Pour emmerder ma belle-mère qui ne bougeait pas de son banc je l'ai bousculée pour aller communier, ce que je ne faisais jamais d'ordinaire, estimant que mes péchés avaient été pardonnés par la prière commune –peu importe le nom exact-, et que j'étais digne de communier, autant que n'importe qui. Peu à peu la file s'est avancée et j'ai relevé la tête jusqu'à me retrouver devant lui, il a levé l'hostie et murmuré « Le corps du Christ ». J'ai soufflé « Amen » et ouvert les lèvres, il l'a déposée dans ma bouche, je suis repartie apaisée, sans raison. Une émotion ancienne m'a envahie, une douceur et une pureté oubliée, plaçant un baume sur mon cœur. Je me sentais bien dans cette assemblée, à ma place, je me suis rassise à côté de mon mari, tête baissée.
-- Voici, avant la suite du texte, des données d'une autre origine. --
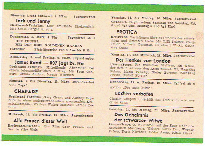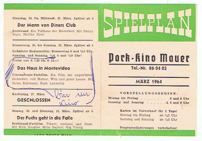 Einen schönen Fund machte ein Wiener Historiker, als er in einer Kennedy-Biografie als "Lesezeichen" ein Programm des Kinos aus dem Jahr 1964 fand, dazu eine Kinokarte - und den handschriftlichen Verweis "bin im Kino". Wir bedanken uns für die Information und das Material. Quellen M.Abt. 104, Feuer- und Sicherheitspolizei, A 8–17: Hietzinger Arena www.hietzing.at |

L'orgue a résonné, j'étais si concentrée que j'ai frissonné, j'ai pensé à ces gens qui ont soudain la révélation de la foi, ce que j'avais toujours pris de l'hystérie. Après tout, c'en était peut-être, ce n'était peut-être que ça, mais ça n'avait plus d'importance. Guillaume m'a pris la main, ému par mon attitude et j'ai prié pour notre famille, notre couple et notre petite Clara, de tout mon cœur.

oOo oOo oOo

Peu à peu le baptême est devenu l'unique sujet de conversation dominical des parents de Guillaume, ce qui m'agaçait au plus haut point. Je voyais bien que tout cela – la robe de baptême, le repas, les dragées, les invités, qui loger et où - n'avait rien de chrétien, parfois je lançais une pique et ma belle-mère levait les yeux au ciel, comme si j'étais une étourdie. Mon mari esquissait un petit sourire gêné, genre il faut lui pardonner, je lui en voulais de participer à cette mascarade, de m'avoir entraînée là-dedans. Je le voulais pour moi seule, le week-end, je ne voulais que notre petite famille, papa maman et bébé. Ma trinité était là, nulle part ailleurs.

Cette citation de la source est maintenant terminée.